Busby felt that he owed it to his beloved Babes to build another team, one which will complete the unfinished task of a European cup win and bringing the league title back. He was in a dilemma. How could he again build it with a generation of great players gone suddenly? Could he build a great team once more? He had to start all over again. Yet by 1960 he set out to do just that.

He now did not have time. The original philosophy of home grown, youth based talent had to wait. He first needed a team to play and one which can win. He decided to sign a few players: Only a few. He wanted players who had the skills, dynamism and an ability to build cohesiveness by pulling together the other players with budding ability. Dennis Law the striker from Torino Italy was that player. He added the stout-hearted mid fielder Paddy Crerand. Law Scored 29 goals in his first season and Man U won its first trophy in 1962-63 after the Munich tragedy. Law Scored 49 goals the next season.

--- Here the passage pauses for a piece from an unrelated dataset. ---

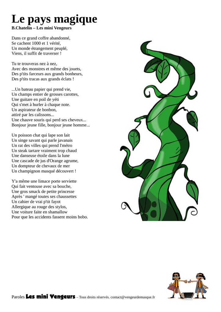 Le pays magique B.Chatelin – Les mini Vengeurs Dans ce grand coffre abandonné, Se cachent 1000 et 1 vérité, Un monde étrangement peuplé, Viens, il suffit de traverser ! Tu te trouveras nez à nez, Avec des monstres et même des jouets, Des p'tits farceurs aux grands bonheurs, Des p'tits tracas aux grands éclats ! ...Un bateau papier qui prend vie, Un champs entier de grosses carottes, Une guitare en poil de yéti Qui s'met à hurler à chaque note. Un aspirateur de bonbon, attiré par les calissons... Une chauve souris qui perd ses cheveux... Bonjour jeune fille, bonjour jeune homme... Un poisson chat qui lape son lait Un singe savant qui parle javanais Un rat des villes qui prend l'métro Un steak tartare vraiment trop chaud Une danseuse étoile dans la lune Une cascade de jus d'Orange agrume, Un dompteur de chevaux de mer Un champignon masqué découvert ! Y'a même une limace porte serviette Qui fait ventouse avec sa bouche, Une gros smack de petite princesse Après ' mangé toutes ses chaussettes Un cahier de vrai p'tit fayot Allergique au rouge des stylos, Une voiture faite en shamallow Pour que les accidents fassent moins bobo. Paroles Les mini Vengeurs – Tous droits réservés. [email protected] Le monstre du placard B.Chatelin – Les mini Vengeurs A chaque fois que la lumière s’éteint A chaque fois c'est le même refrain A chaque fois qu'on fait croire à tout le monde Oui que se cachent des enfants immondes... Quand il fait tout noir, Que la lune se ballade Quand il entend des bruits, au loin dans son placard Trouillomètre à zéro, lui il prend son doudou Il a peur d'aller voir ce qui fait son cauchemar. C'est un p'tit monstre un peu sensible Qui pleurniche à chaque fois que Un navet passe à la télé ou qu'on lui marche sur les pieds. C'est un grand fou sentimental A la tête pas vraiment banale Alors rien d'tel pour se cacher derrière l'placard pour s'lamenter. Le monstre du placard aurait-il peur du noir ? ...Le monstre du tiroir aurait-il peur du soir ? Tout seul dans son coin Il n'a pas l'air si bien, Il surveille à tout va Si un gamin passerait par là. Oh mon dieu...un enfant ! Avec des bras, des dents Un truc qui crie et qui rigole Quand il n'y a pas d'école. Il en a entendu parler, Dans l'histoire avant d'se coucher Ca l'étonnait vraiment pourtant Qu'il puisse exister des enfants Enfin il se décide, à ouvrir une paupière... A affronter ses peurs, pour dernière prière.... Il l'aperçoit enfin... Ce tout petit bambin... Finalement pas si terrifique, Il dort dans son lit le loustic ! Même qu'il pourrait être son copain En lui tendant doucement la main Pour faire les 400 coups à deux Comme des amis bien monstrueux ! Le monstre du placard, n'a plus très peur du noir ! … Le monstre du tiroir s'endort paisible le soir ! Paroles Les mini Vengeurs – Tous droits réservés. [email protected] Illegal B.Chatelin – Les mini Vengeurs Au 34 rue du grand mystère, Se trame une drôle d'affaire... Il était là près de mon lit Très rassurant comme toutes les nuits Mais au réveil plus de trace du tout Stop ! Qui a volé mon doudou ? Serait-ce un coup d'Bambin des bois Ou pire encore d'Arsène Lapin Une enquête pour le colonel Moutard Strop ! Que personne ne bouge ! Illégal, illégal, Qui a volé mon doudou ? Illégal, illégal, moi je le cherche partout ! Je le suis à l'odeur... Impossible qu'il m'échappe ! Le voleur qui kidnappe... N'a-t-il donc pas de cœur ? Ca y'est au loin je vois qui brille Son bouton qui lui sert de pupille Près de la machine à laver, Bon sang bien sur j'aurai du m'en douter ! Horreur, on l'a pendu inerte ! Sûrement bouleversé de m'avoir perdu sur la corde à linge tendue, Il sent étrangement si bon ! Illégal, illégal, Qui a volé mon doudou ? Illégal, illégal, moi je le cherche partout ! Paroles Les mini Vengeurs – Tous droits réservés. [email protected] Mamy B.Chatelin – Les mini Vengeurs Quand j'ai le blues comme un cafard, mamy Quand mon doudou trouve pas les mots Quand mon chagrin se perd sans fin, Moi je m'empresse de m'consoler Dans les bras chauds de ma mémé... Elle a toujours le mot pour rire, mamy Elle a toujours le mot pour dire, mamy Que je suis son p'tit roudoudou Son sucre d'orge, un point c'est tout... Elle dit qu'c'est la maman d'papa, mamy... Pourtant il est bien plus grand qu'elle, dady... Y'a tout l'monde qui dit q'j'lui ressemble, Mais j'suis un garçon, pas une fille ! Elle a des ch'veux trop rigolos, ma mamy... Gris comme le chat du vieux Raoul, mamy... Elle a toujours peur que j'm'écroule, Quand pépé me porte sur son dos. Elle me tricote même des chaussettes, mamy... Bien trop longues qui montent jusqu'aux fesses, mamy... Des pulls bizarres, elle me fait même Avec 3 manches, mais moi j'les aime ! Elle voit plus toujours très très bien, ma mamy... Moi j'crois plutôt qu'elle voit c'qu'elle veut, mamy. Quand elle gronde papy qui s'ressert 2 ou 3 lichées de dessert ! Elle oublie parfois même pour se promener, mamy... De quitter ses chaussons troués, mamy... Elle me fait même de bons petits plats Qu'l'on peut manger avec ses doigts ! Elle s'trompe souvent dans les portions ma mamy... Pour nourrir son petit poisson, mamy ! A ses 1 ans faire 10 kilos, C'est pas fréquent pour un macro. Elle rest'ra toujours dans mon cœur ma mamy... Qu'elle soit ici ou au paradis mamy......... Je n'oublierai jamais que j'voudrais, Un jour prochain lui ressembler... Un jour être comme ma mémé... Paroles Les mini Vengeurs – Tous droits réservés. [email protected] Pleureur 1er B.Chatelin – Les mini Vengeurs Sa seigneurie est avancée ! Laissez moi vous la présenter.... Cœur d'artichaut ou vrai madeleine Un rien le rend une âme en peine Le roi d'la chouine, du larmoiement, Il pleure tout l'temps c'est énervant ! Bob l'éponge a trouvé son maître c'est une terreur des bacs à sables Faut au moins 4 imperméables pour rester à moins de deux mètres Si tu veux d'venir son ami Pas d'a

Law stated “Matt Busby had built the 1958 side and he also had the 1948 side. He had built two great sides before and now it was the beginning of building a new great side. So I signed up for him”. Busby blended the big money talent quickly with Charlton, Foulkes, Giles and Herd. He dispatched off 2 veterans Viollet and Dawson during the off-season. Busby did not forget his youth programme. Out came George Best from the nursery. The grand Busby forward line, the fearsome attack machine was back again with 3 great forwards: Law, Charlton and Best. All three went on to win the European footballer of the year in the next few years. United won six trophies with the new dream team.

In 1968, a full 10 years after Munich, Manchester United won the European cup defeating Real Madrid in a heart stopper. True to his philosophy when United were 2 goals down in the half time during the second leg, Busby entered the dressing room and said “Lads, that’s not the Manchester United way, we do not defend and defend. Go out there and attack – no matter what happens.” Charlton recalled, “That took all the pressure out of us.”

This was his crowning glory: Manchester United had finally won the European cup; a dream he had chased for 24 years for the club, for the 1958 Babes — his lost generation, for the dream team of the 60s and finally for his two decades of relentless grooming and faith in one young talent after another.

Finally, Busby could retire now and he did in 1969.